Home > News > Atlantic Chambers’ barrister Martin Mensah on the student fees hike
Atlantic Chambers’ barrister Martin Mensah on the student fees hike
01/01/2011

Many headlines have been dedicated to the Government’s decision to raise university tuition fees.
There were violent and unsavoury protests including the defacing of Winston Churchill’s statue, attacking the heir to the throne and smashing the Supreme Court’s windows.
Some advance the argument that students benefit from a university education and therefore must entirely foot the bill.
Others feel great sympathy for students facing tuition fees of £9,000 per year and the concomitant debt burden.

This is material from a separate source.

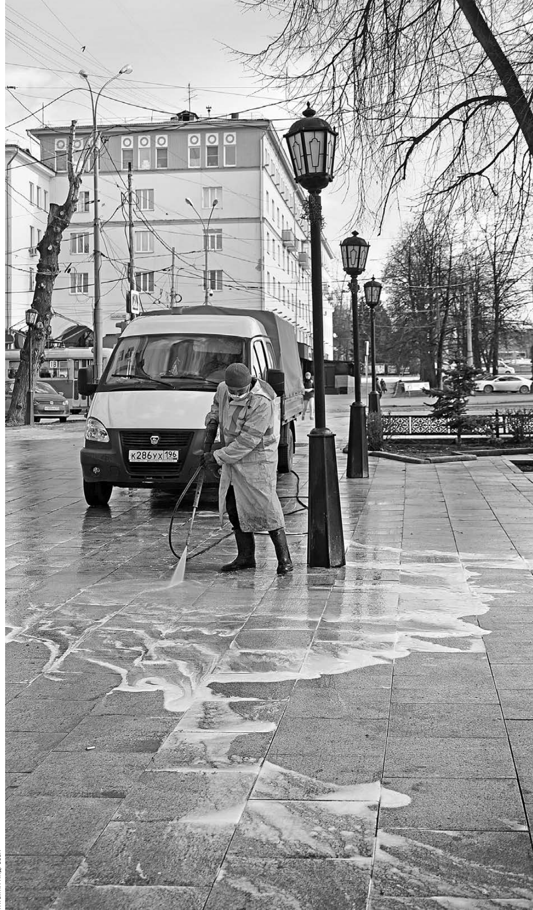
«Зеленстрой» начали работу с Исторического сквера, уже отчистили памятник отцам-основателям Татишеву и де Геннину. Горожане надеются, что очередь дойдет и до длинного фрагмента стены с коваными воротами и решеткой рядом с кол-

Еще одна задача месячника чистоты — очистка памятников от граффити. Сотрудники МБУ

From an employment law perspective it raises the question of whether this situation could be exploited in the workplace.
Take a young graduate couple starting a home and family, attempting to fund a deposit and other bills as well as repaying loans of (jointly) £54,000 plus interest.
They inevitably enter employment in a weaker financial position and one wonders how keen they will be to assert their rights under the law.
Will they be less willing to react when confronted by a boss seeking to impose more onerous contractual terms and conditions than those agreed, or experiencing bullying and harassment in the workplace?
The students should enjoy their protests now. In the future with the spectre of such huge debts, such expressions of dissent may be all too rare an event.